If your business utilizes online retail, don’t forget that your website will need holiday preparation as well. Online merchants should expect to see significantly higher traffic during the holiday season. To avoid a system crash and potential loss of customer data, try to consult with your website provider’s technical support to ask how you can update your site for high volumes. It’s likely you can make a few quick fixes like decreasing files size or optimizing your external JavaScript. You can also use the free Google Page Speed Insights tool to test your online retail site for potential stress. And no matter what, be sure to back up all of your information and transaction history, in case you do experience technical difficulties.

Nurture your social media

Don’t let yourself slack on social media during the busy season. Plenty of customers will turn to social media sites for quick access to information about your business. Take a few minutes to check your business pages on Google, Yelp and other directories to be sure your address and holiday hours are correct.
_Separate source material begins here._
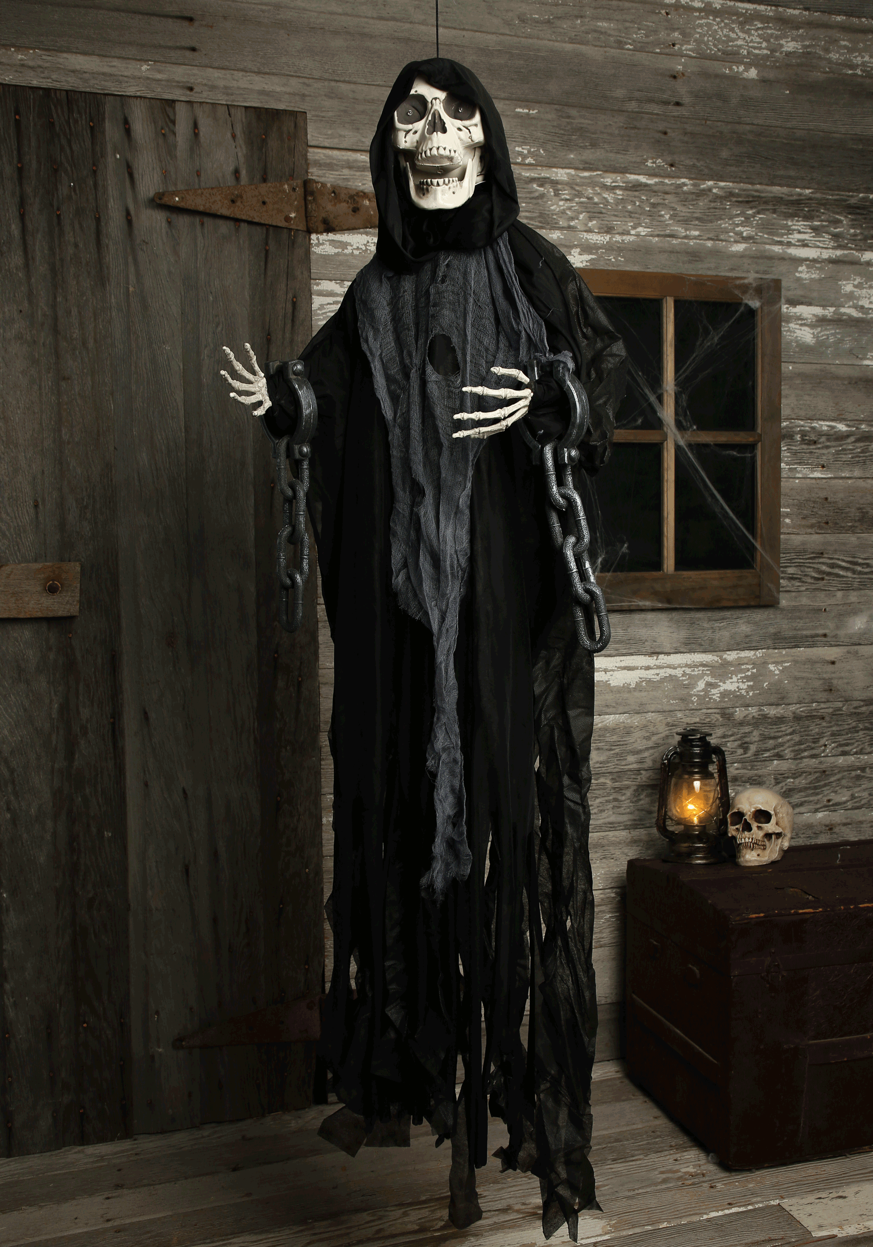 Unleash the Terror with the Animated Hanging Reaper in Chains!

Updating your graphics with a festive touch will alert customers you are in holiday mode, and keep them on the look-out for posts about discounts and promotions. Pay attention to your mentions and tags on social media and make an effort to respond to as many as possible. Interacting with customers will help develop strong relationships. To help boost these interactions, try using posts that encourage your audience to start a conversation by asking questions that elicit a response (i.e., “What are you most excited about this holiday season?” or “What’s on your Christmas list this year?”).

Prepare the brick and mortar

Decorate, decorate, decorate! Nobody wants to shop in a place that looks like it’s run by the Grinch. Plus, the holiday charm will help shoppers get into spending mode. Be sure to define the work schedules for your employees well ahead of time, and hire extra help if necessary. Don’t overlook especially busy days such as Black Friday, Small Business Saturday, and the days before and after Christmas when finalizing shifts. Scheduling can be tricky with seasonal travel, and you don’t need the extra stress of employees not being available to fill their shifts. Give advance notice to your customers if you will be adjusting your hours between Thanksgiving and Christmas as well.

Be the host with the most

Hosting a holiday event is a fun opportunity to increase awareness of your small business for the shopping season. Promote a special evening for customers offering accelerated discounts, food, and a little bubbly to bring on the holiday spirit. If you include a giveaway at the end of the night, you get the opportunity to acquire new emails for your holiday campaigns by having customers fill out tickers to enter. Fronting the extra money for an event can be scary, but the increased traffic, brand loyalty, and email acquisition gained is sure to pay off in the end.

Compare and compete

You can count on your customers doing their research, and you should, too. Don’t waste your time with a 5% discount. Shoppers want to be spoiled, so make sure your pricing is competitive within your market. Generally, it is more profitable to give higher discounts on individual items than on storewide sales. Also, offering additional luxuries is a great way to give your small business a leg up on the competition, such as in store pick up and gift wrapping. You will want to compare your return policy to other businesses’ in your market. If you only offer store credit while a competitor offers cash returns, you may be driving consumers in the wrong direction.

Remember to keep records of your holiday sales, inventory levels, and high performing campaigns to utilize for next season. The holidays are a wonderful time to be a small business, so have fun with them!